Globus Medical - San Diego, CA
posted 16 days ago
Full-time - Senior
San Diego, CA
Miscellaneous Manufacturing
About the position
The Lead Clinical Project Manager (CPM) is responsible for overall coordination and management of assigned clinical studies and projects. They are accountable for the project scope, timelines, and budget to ensure key milestones are achieved and studies are performed within budget, on schedule and in compliance with the appropriate standards. The CPM also supports the generation of scientific manuscripts, abstracts and posters as needed.
Responsibilities
- Foster relationships with surgeons, sales representatives, and clinical teams to gain input into study design, evaluate study feasibility, and identify sites for study execution or data collection for the assigned study.
- Lead the designing and reviewing of all study documents for the assigned study, including the clinical study protocol in collaboration with Medical Affairs, case report forms and subject questionnaires, informed consent forms, electronic data capture (EDC) system, and other study tools.
- Set and manage project budgets, communicate deviations from budget projections, and propose solutions for budget deviations. Oversee timely processing of site payments for assigned study.
- Lead sponsor study start-up process, including but not limited to the conduct of the internal study kick-off meeting, finalization of site and vendor (as applicable) agreements/budgets, and site qualification.
- Oversee the study start-up process study-wide, including IEC/IRB submissions and related communications, such as study kickoff webinars or investigator meetings.
- Act as a corporate liaison with assigned study sites. Demonstrate a high level of product and procedure knowledge to support study-related questions and provide site training independently.
- Ensure site compliance with applicable regulatory requirements, including on-time submission of IEC/IRB reviews and communications, obtaining subject signatures on each applicable consent form (as applicable), and timely submission of sponsor-generated documents.
- Conduct remote and on-site monitoring including site qualification visits, site initiation visits, interim monitoring visits, and closeout visits. Activities associated with site visits include: with the study site prior to and after the visit, review IEC/IRB documentation, perform data verification in EDC, ensure protocol and follow-up visit compliance, and generate comprehensive monitoring reports in a timely manner.
- Together with Data Management, generate and ensure resolution of queries and track return. Work with team to create databases and data tracking tools. Ensure effective utilization of the EDC system.
- Identify, evaluate, and ensure all protocol deviations or violations and complications are properly documented and reported to the appropriate authority in the correct time frame, adequately followed, and communicated per company SOPs and regulatory requirements. Proactively seek solutions to mitigate future deviations or violations.
- Produce clear, accurate, and well-written documents and contribute to appropriate interpretation and dissemination of all evidence generated, including abstracts, manuscripts, and Clinical Study Reports (CSR), as assigned.
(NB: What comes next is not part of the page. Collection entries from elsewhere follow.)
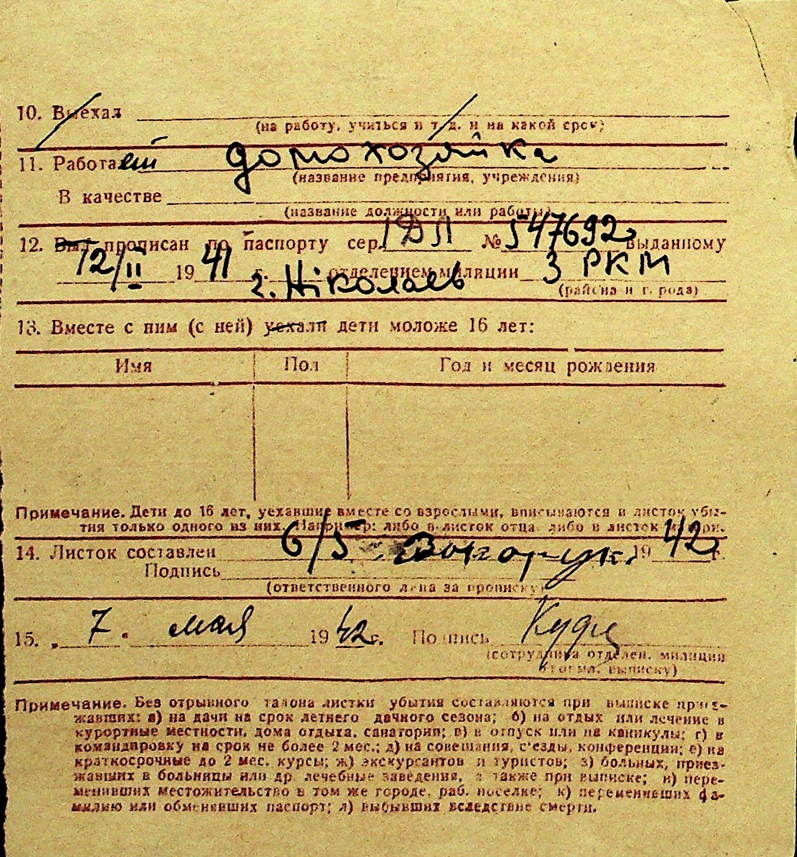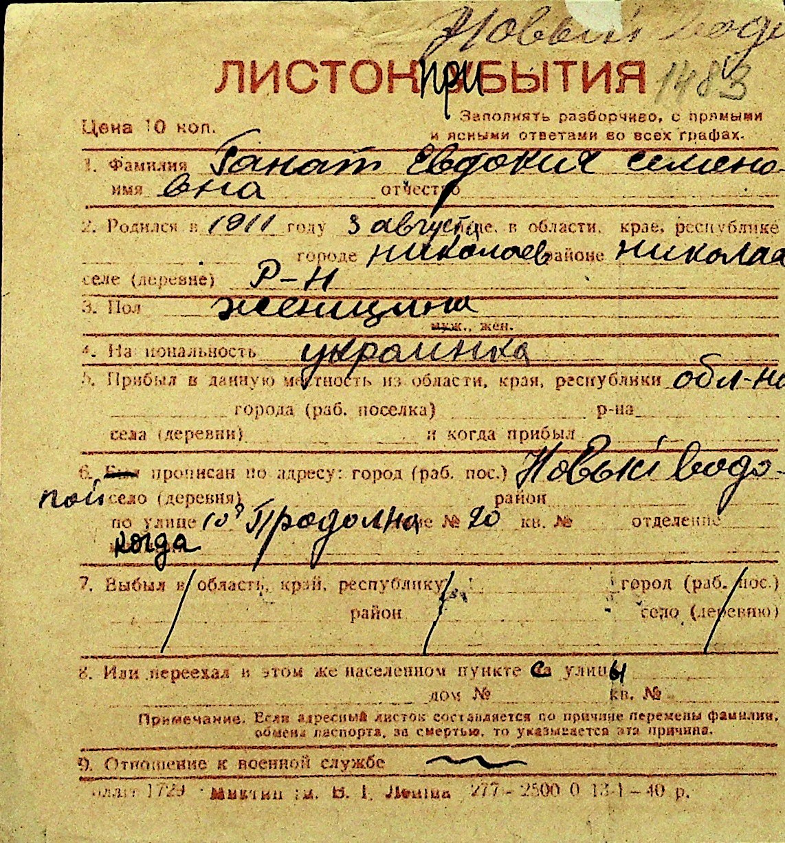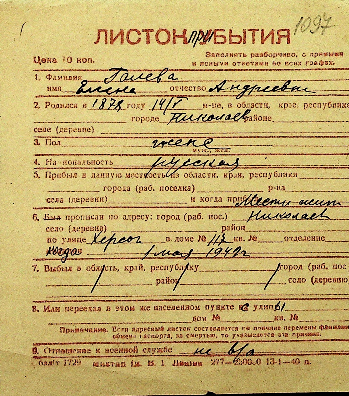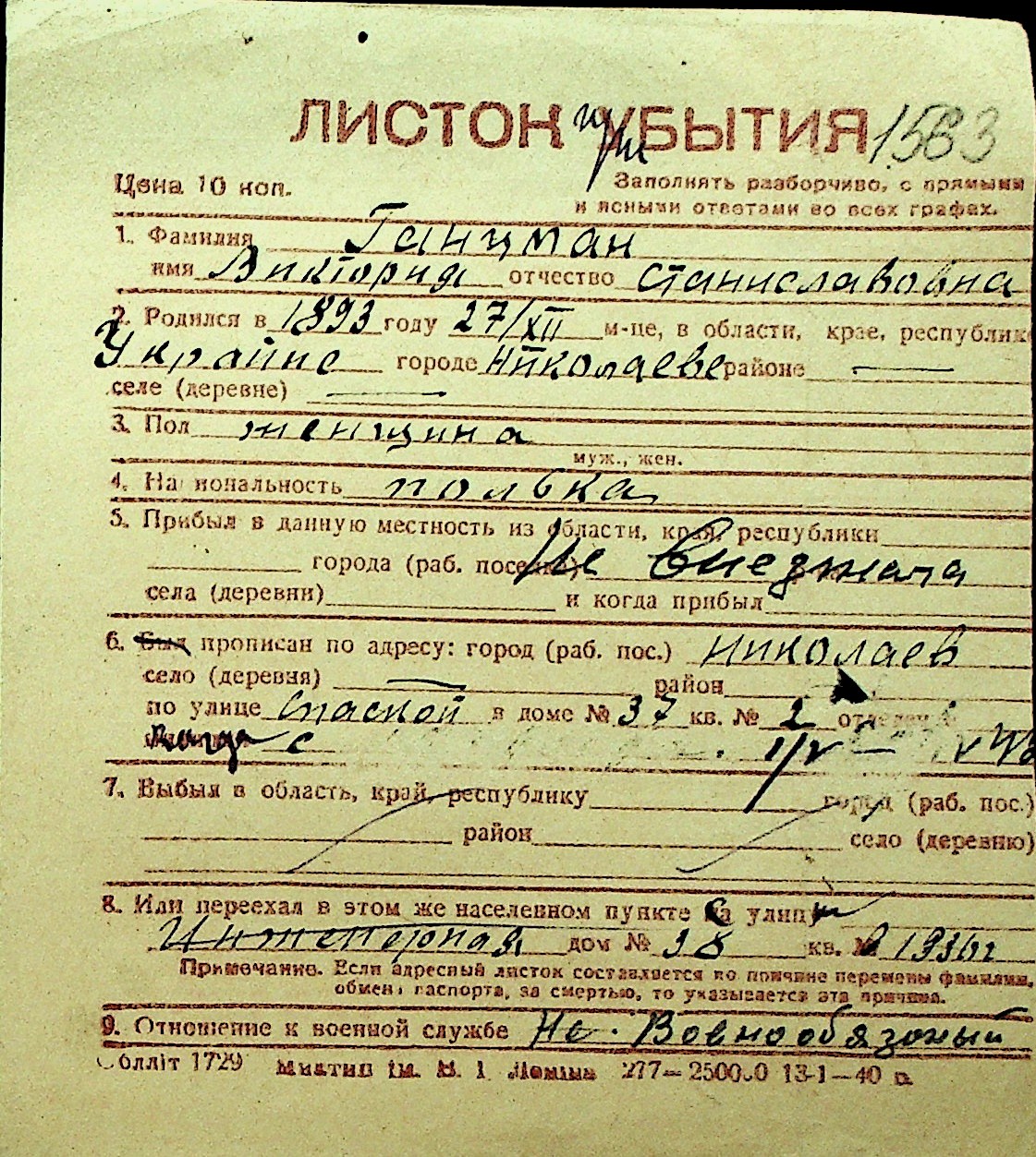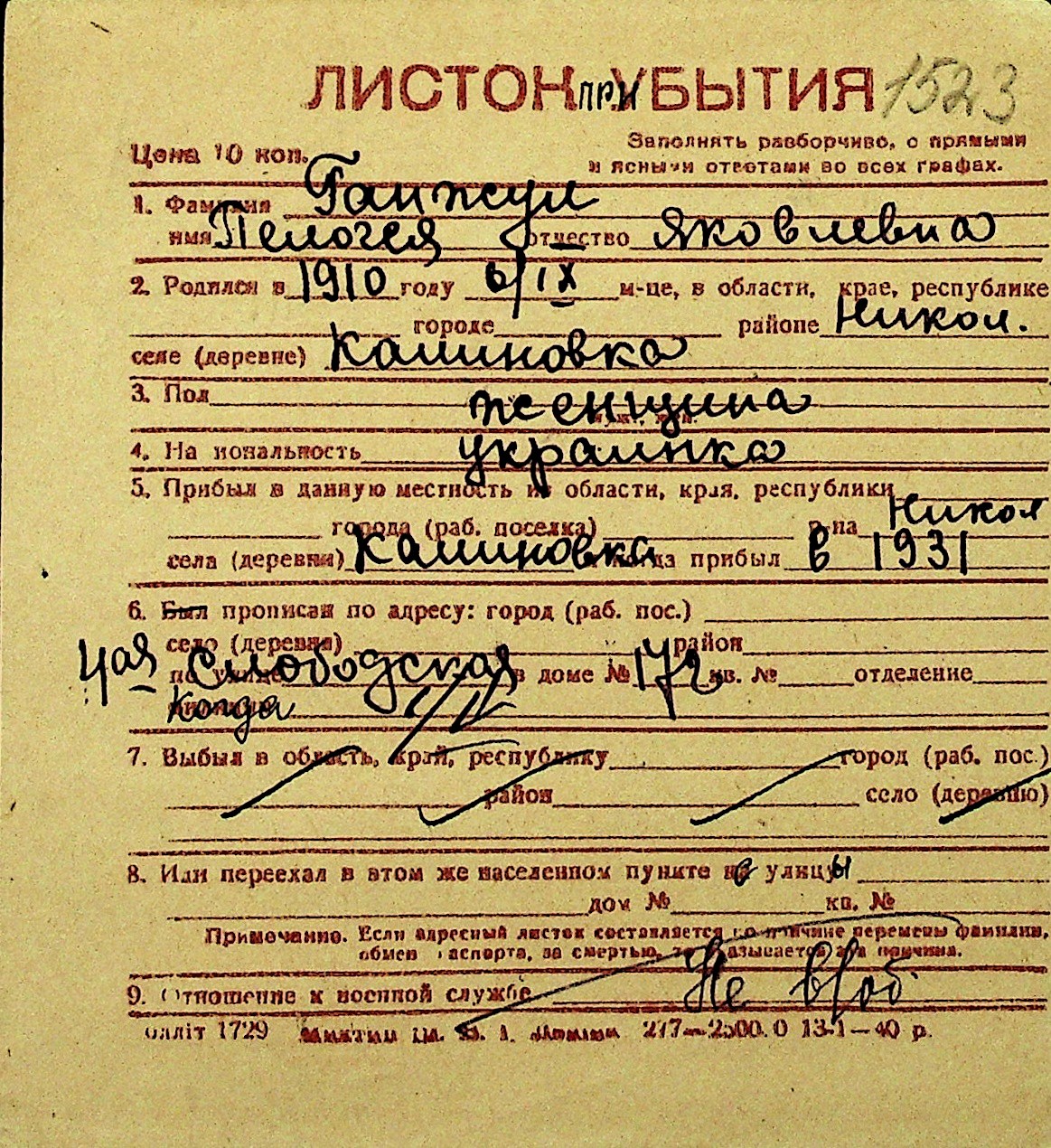 • • Перелік карток до фонду № Н-1016
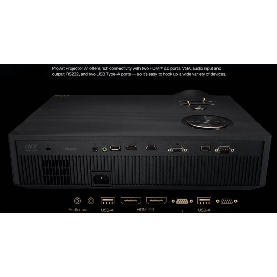 ASUS ProArt A1 LED professional projector- World’s first Calman Verified projector,? E < 2, 98% sRGB and Rec. 709, FHD (1920 x 1080), 3000 lumens, Four corner and 2D keystone correction, 1.2X zoom ratio, wireless mirroring
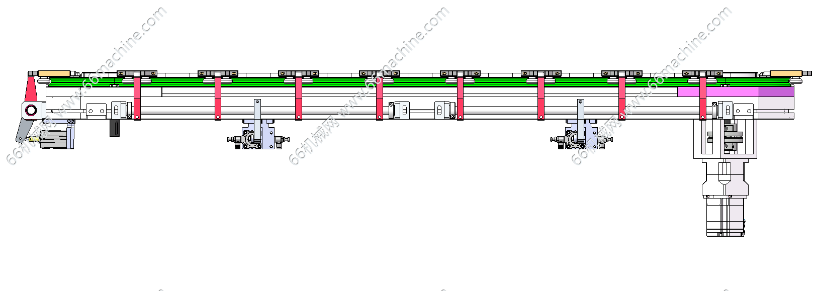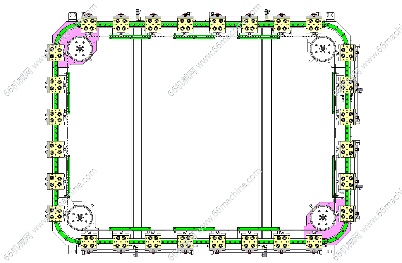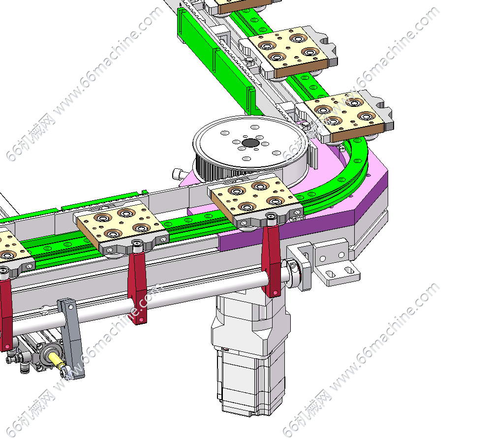 本模型为28工位矩形环形轨道,是通过一个电机带动用同步带和同步轮固定的矩形轨道,优点是4个角都可以随机装电机,根据位置不同装配 。外侧面有气缸带动连杆驱动治具校准限位机构。
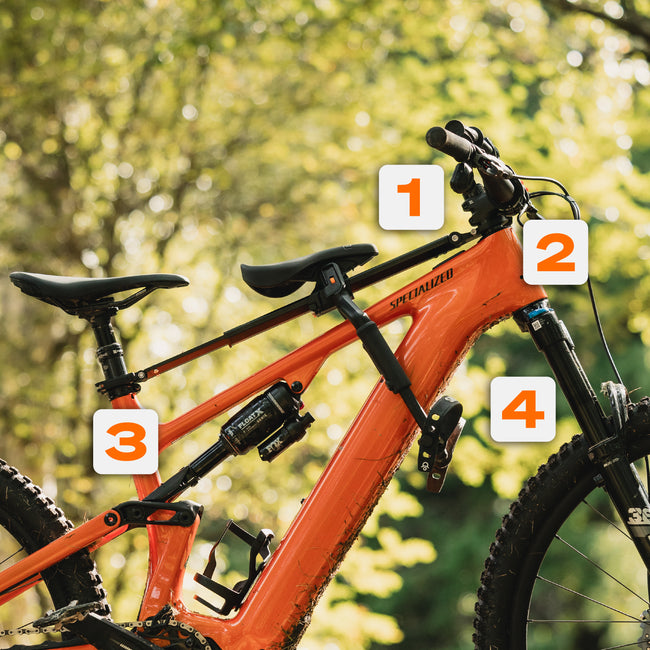 Se fixe sur ton jeu de direction et ta tige de selle, sans aucun contact avec ton cadre.
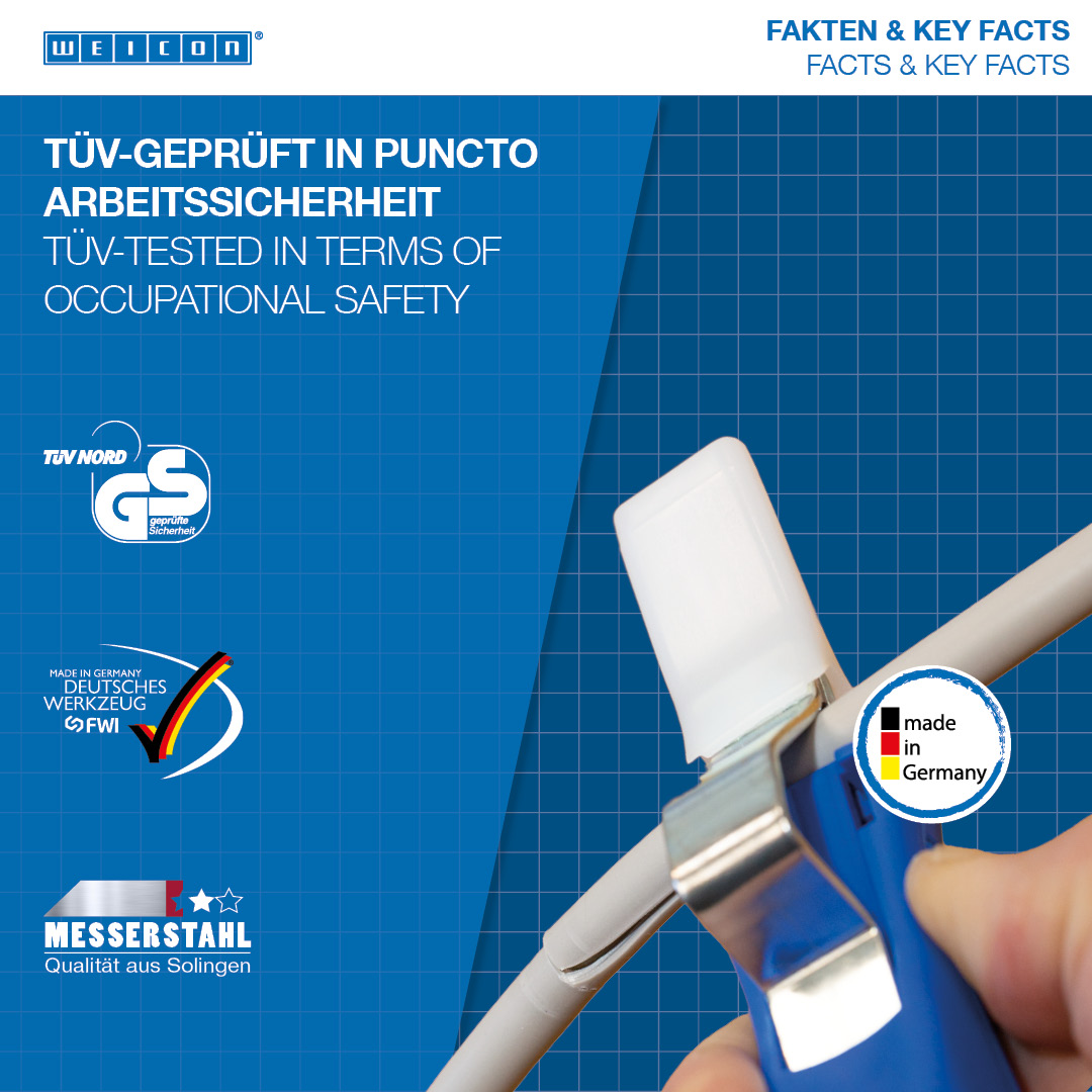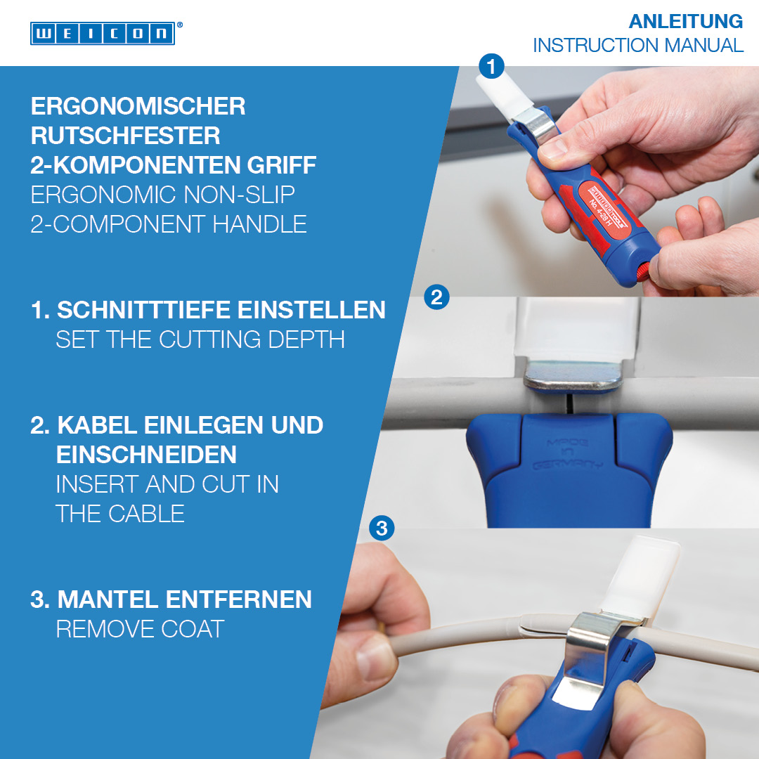 Gran diámetro del mango para una háptica óptima Tornillo de ajuste infinitamente variable y fácil de accionar Pelado preciso, rápido y seguro Cambio rápido de la cuchilla interior con cierre de bayoneta
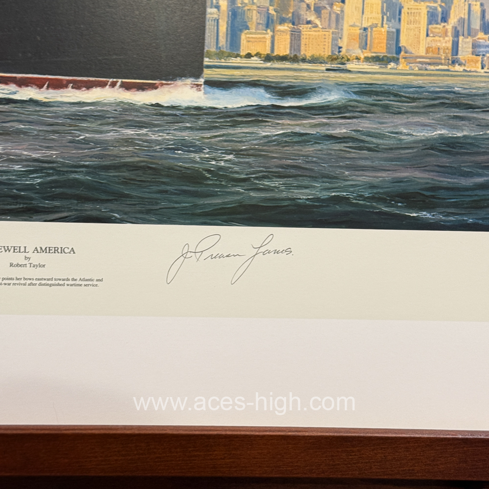 Eah print is individually hand signed by the artist Robert Taylor and countersigned by R.M.S. QUEEN MARY's last skipper:
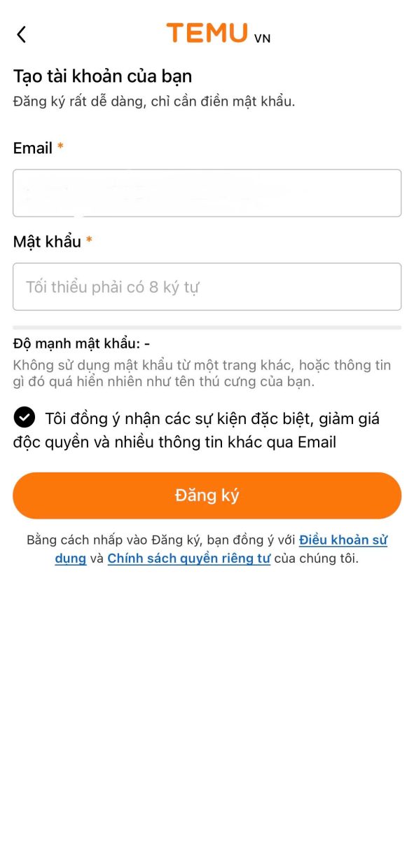 - Bước 5: Nhập mật khẩu và nhấn Đăng ký để hoàn tất việc tạo tài khoản trên ứng dụng Temu.
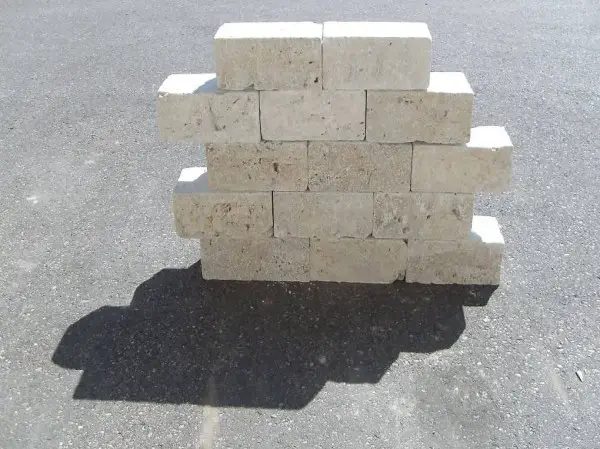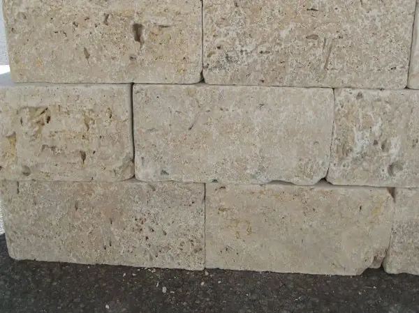 Mauersteine beige, Vorderseite und Rückseite gespalten und getrommelt,
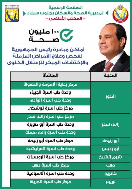 تعرف علي أماكن تنفيذ مبادرة رئيس الجمهورية لفحص وعلاج الامراض المزمنة والاكتشاف المبكر للأعتلال الكلوى بجنوب سيناء

- Act as the primary point of contact of leadership and oversight (as required) for the assigned study. Provide comprehensive updates on study status; communicate relevant information to research and other project team members, including Regulatory Affairs, Quality Assurance, Marketing, Product Development, Sales, Finance, and Legal.
- Oversee performance of CROs and third-party vendors to ensure compliance with study protocol and in accordance with scope of work and in accordance with corporate timelines.
- Lead problem solving and resolution efforts. Provide proactive and creative recommendations on how to meet goals and handle identified risks and deviations. Look for opportunities to expand and deepen clinical study process expertise across study teams and external partners and make decisions on process and issues affecting study implementation and execution.
- Maintain study data and files in accordance with ICH, GCPs, FDA requirements and company specific SOPs. Perform periodic audits of the Central Clinical Files.
- Contribute to the development of others by acting as a coach for peers as well as new CRAs, study team members, and business partners on aspects of clinical trial process and regional specificities while maximizing shared learning.
- Maintain strong understanding of evolving post-market evidence requirements (i.e., FDA and EU Medical Device Regulation (MDR)).
- Assist research and other project team members in additional responsibilities as required.
Requirements
- Understanding of medical terminology.
- Effective communication, organizational, interpersonal, and leadership skills.
- Working knowledge of FDA, EU MDR requirements, and ISO14155 for clinical trial conduct.
- Excellent computer skills, particularly with database applications are required. Proficient and accurate with word processing (Word), spreadsheets (Excel), presentation programs (PowerPoint), and EDC systems.
- Bachelor's degree in life science, biological science, or equivalent and 8+ years' experience in clinical trials. Demonstrated track record of effective clinical study site management.
Benefits
- Equal Employment Opportunity: Globus Medical is an equal opportunity employer. All applicants will receive consideration for employment without regard to race, color, religion, gender, sexual orientation, age, disability, marital status, pregnancy, national origin or citizenship. We are committed to a diverse workforce. We value all employees' talents and support an environment that is inclusive and respectful.